Dataset excerpts
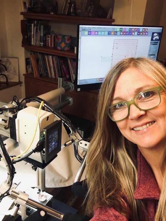 A woman with long hair and green glasses smiles in a sewing studio, showcasing a quilting machine and a computer monitor displaying design software.
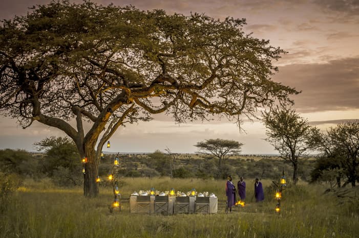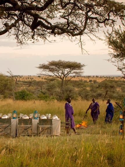 Sit down for a torchlit barbecue dinner in the middle of Serengeti National Park, sharing stories around the bonfire and gazing up at the stars under the watchful protection of Maasai tribespeople.1 / 3
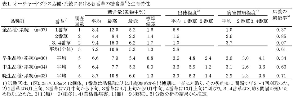 オーチャードグラスの糖含量は、品種・系統間、番草間で大きな変異がある。2番草糖含量は広義の遺伝率が高く、年次間変動が小さく、各番草と有意な相関がある。高糖含量オーチャードグラスは、2番草で糖含量と病害罹病程度を評価し選抜することにより育成できる。
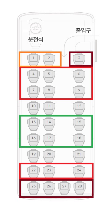 27번의 경우, 좌석 앞이 막아주는 부분 없이 통로이기에 버스 급정거시 다른 좌석보다 위험할 수 있습니다
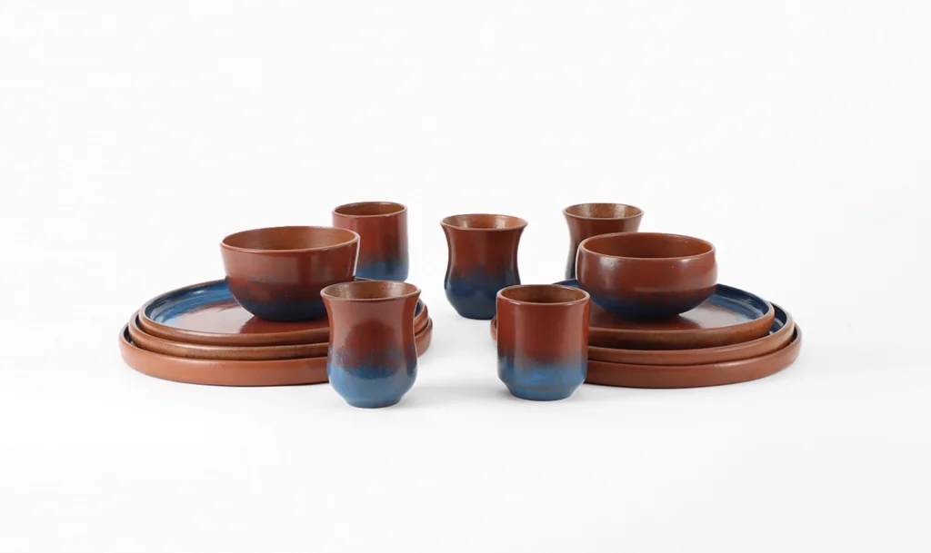 An elegant and functional set that enhances any table with the natural beauty of earthenware. It has a glazed finish and includes a dinner plate, hors d’oeuvre plate, soup bowl and glass. The special thing about this piece is the use of natural engobes such as indigo, a plant whose harvest is seasonal, which makes it more complex and valuable.
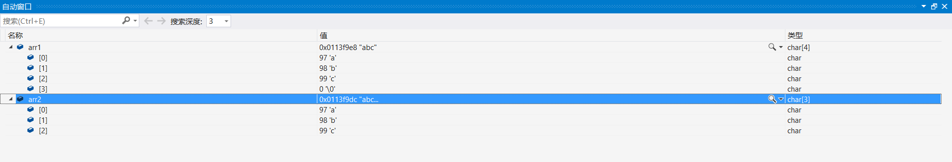 int main() {char arr1[] = "abc";//代码1char arr2[] = { 'a','b','c' };//代码2printf("%s\n%s\n", arr1, arr2);return 0;
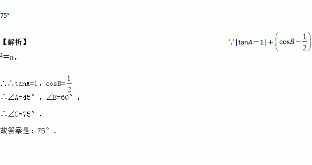 在锐角△ABC中,如果∠A,∠B满足|tanA-1|+=0,那么∠C=________.
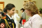 Полковник внутренней службы Жанна Ожимина предложила обратить внимание на такую особенную и близкую всем собравшимся категорию детей, как дети женщин-офицеров, для чего разработать специальную программу «Мама в погонах». Ведь нельзя же забывать, что у российских леди в военной форме никто не отнимал родительских обязанностей.
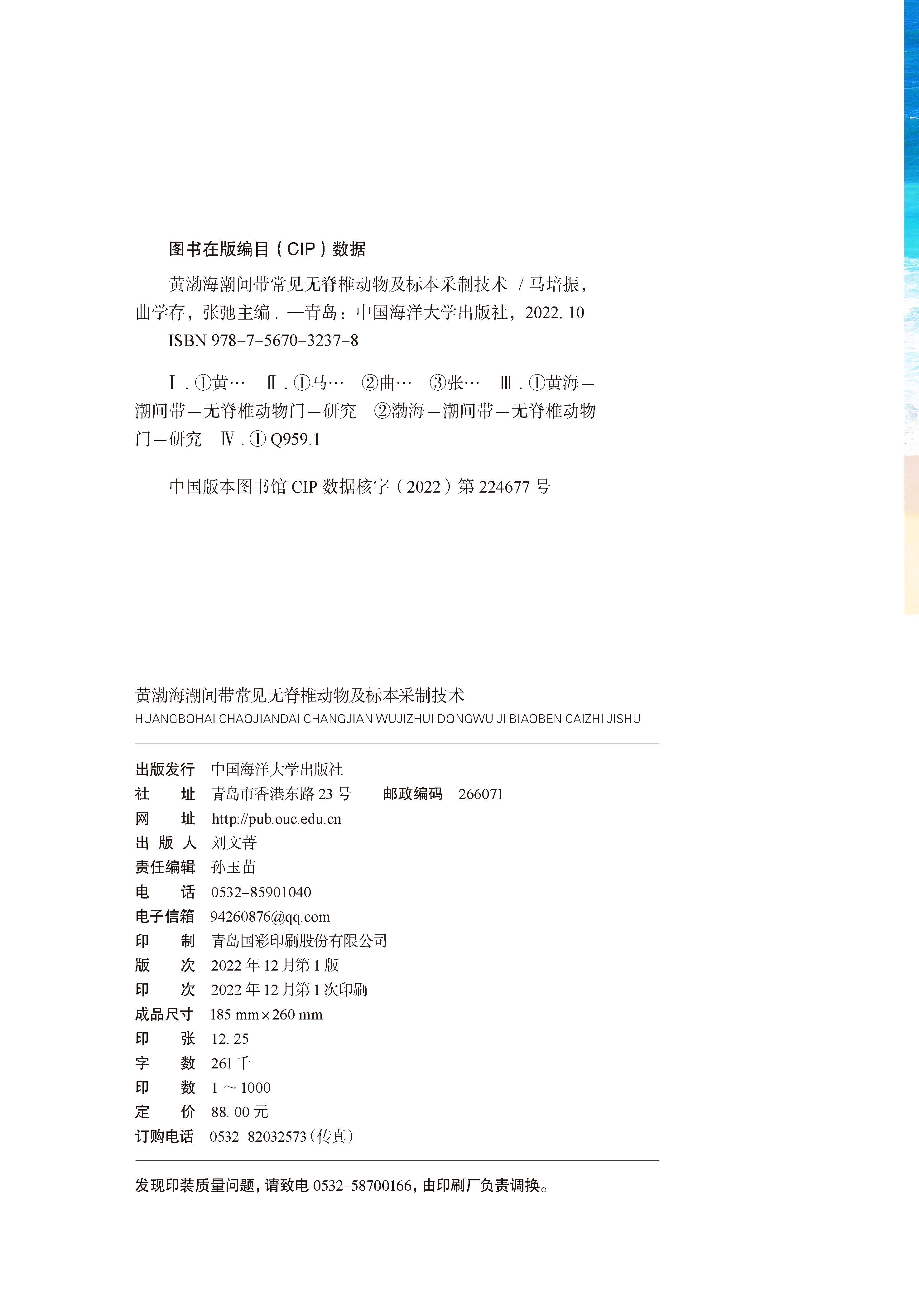 《黄渤海潮间带常见无脊椎动物及标本采制技术》是一部介绍我国黄渤海地区潮间带常见无脊椎动物及其标本采集、制作技术的工具书,适用于到黄渤海开展滨海生物调查研究相关工作的人,包括进行教学、生产实习的生物学、水产学等学科的高校师生及中小学师生。本书总结作者团队多年教学、研究经验,重点介绍了黄渤海潮间带常见无脊椎动物种类、生活习性和分布特征,并附插图;详细介绍了海洋基本地质特征和海洋无脊椎动物标本采集、麻醉、固定、着色等采制技术,便于读者将理论知识与滨海实践结合,提高滨海调查、研究、教学、实习效率。

▸ Description of the task
Given the records above, return the lines starting at the one that holds "Sit down for" and ending at the one that holds "27번의 경우, 좌석", exactly, and nothing besides; leave every picture out.

▸ Output of the exercise
 Sit down for a torchlit barbecue dinner in the middle of Serengeti National Park, sharing stories around the bonfire and gazing up at the stars under the watchful protection of Maasai tribespeople.1 / 3
 オーチャードグラスの糖含量は、品種・系統間、番草間で大きな変異がある。2番草糖含量は広義の遺伝率が高く、年次間変動が小さく、各番草と有意な相関がある。高糖含量オーチャードグラスは、2番草で糖含量と病害罹病程度を評価し選抜することにより育成できる。
 27번의 경우, 좌석 앞이 막아주는 부분 없이 통로이기에 버스 급정거시 다른 좌석보다 위험할 수 있습니다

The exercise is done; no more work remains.